Which led to the next challenge: What’s the best way to present this color palette? There is a fairly fundamental part of this challenge: there are three dimensions to a RGB color value: Red, Green, and Blue. But a chart on a web page only has two dimensions. Dictating that diagrams illustrating color spaces can only show a two-dimensional slice out of a three dimension volume.

For this challenge, being limited to just 256 colors became an advantage. It’s a small enough number that I could show all 256 colors by putting a few such slices side by side. The easiest one is to slice among the blue axis, since it only had two bits in RGB332 so there are only four slices of blue. Each slice of blue shows all combinations of the red and green channels. They had three bits each for 23 = 8 values, and combining them means 8 * 8 = 64 colors in each slice of blue. The header image for this post arranges the four blue slices side-by-side.
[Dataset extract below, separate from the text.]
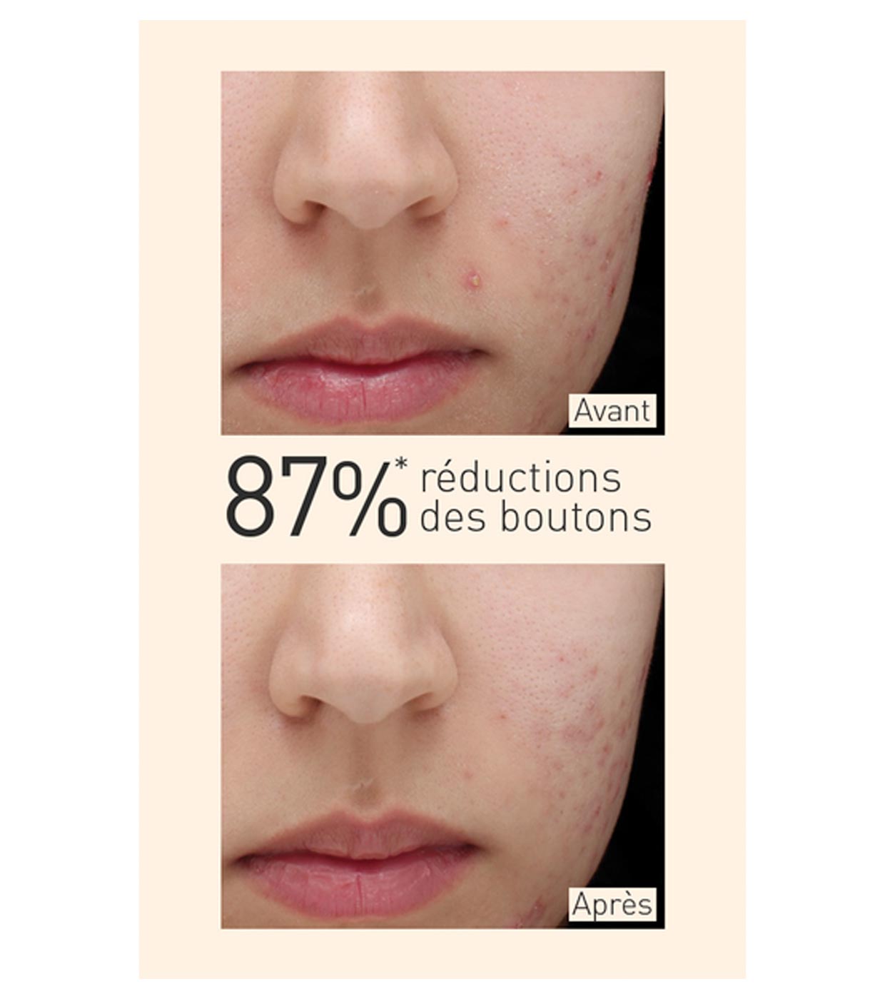 Es handelt sich um eine Behandlung, die sechs verschiedene Arten von Unreinheiten reduziert: Mitesser – Rötungen – Pickel – Mitesser – Flecken – Talg – und die die Hautqualität wiederherstellt und verbessert.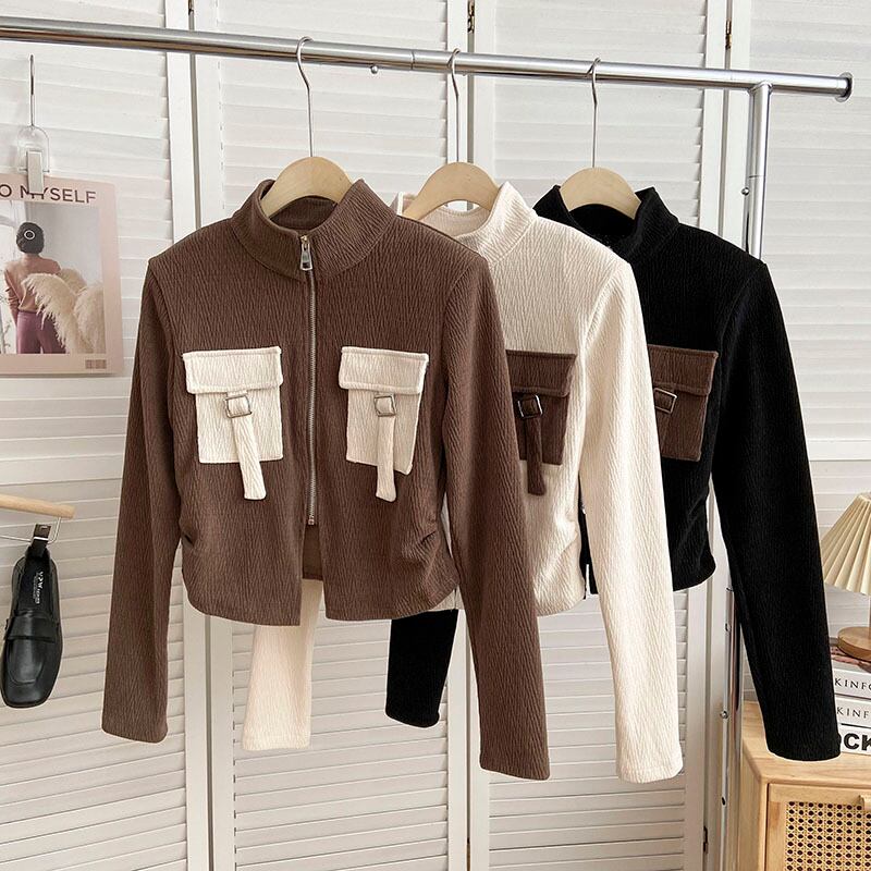 Nomikuma ヒットカラースタンドネックジッパー長袖ショートコート女性 2022 秋冬生き抜くトップジャケット ロング オータム 秋物 ウィンター 冬物 kor61592063733

This is a variant of my Arduino library example RGB332_pulseB which changes the blue channel over time instead of laying them out side by side.

But even though this was a complete representation of the palette, Emily and I were unsatisfied with this layout. Too many similar colors were separated by this layout. Intuitively it feels like there should be a potential arrangement for RGB332 colors that would allow similar colors to always be near each other. It wouldn’t apply in the general case, but we only have 256 colors to worry about, and that might work to our advantage again. Emily dived into Photoshop because she’s familiar with that tool, and designed some very creative approaches to the idea. I’m not as good with Photoshop, so I dived into what I’m familiar with: writing code.

My RGB332 Color Code Oversight

I felt a certain level of responsibility after my library was accepted to the Arduino library manager, and wrote down all the things I knew I could work on under GitHub issues for the project. I also filled out the README file with usage basics, and I had felt pretty confident I have enabled people to generate color composite video out signals from their ESP32 projects. This confidence was short-lived. My first guinea pig volunteer for a test drive was Emily Velasco, who I credit for instigating this quest. After she downloaded the library and ran my examples, she looked at the source code and asked a perfectly reasonable question: “Roger, what are these color codes?”


Having many years of experience playing in computers graphics, I was very comfortable with various color models for specifying digital image data. When I read niche jargon like “RGB332”, I immediately know it meant an 8-bit color value with most significant three bits for red channel, three bits for green, and least significant two bits for blue. I was so comfortable, in fact, that it never occurred to me that not everybody would know this. And so I forgot to say anything about it in my library documentation.

I thanked Emily for calling out my blind spot and frantically got to work. The first and most immediate task was to update the README file, starting with a link to the Wikipedia section about RGB332 color. I then followed up with a few example values, covering all the primary and secondary colors. This resulted in a list of eight colors which can also be minimally specified with just 3 bits, one for each color channel. (RGB111, if you will.)

I thought about adding some of these RGB332 values to my library as #define constants that people can use, but I didn’t know how to name and/or organize them. I don’t want to name them something completely common like #define RED because that has a high risk of colliding with a completely unrelated RED in another library. Technically speaking, the correct software architecture solution to this problem is C++ namespace. But I see no mention of namespaces in the Arduino API Style Guide and I don’t believe it is considered a simple beginner-friendly construct. Unable to decide, I chickened out and did nothing in my Arduino library source code. But that doesn’t necessarily mean we need to leave people up a creek, so Emily and I set out to build some paddles for this library.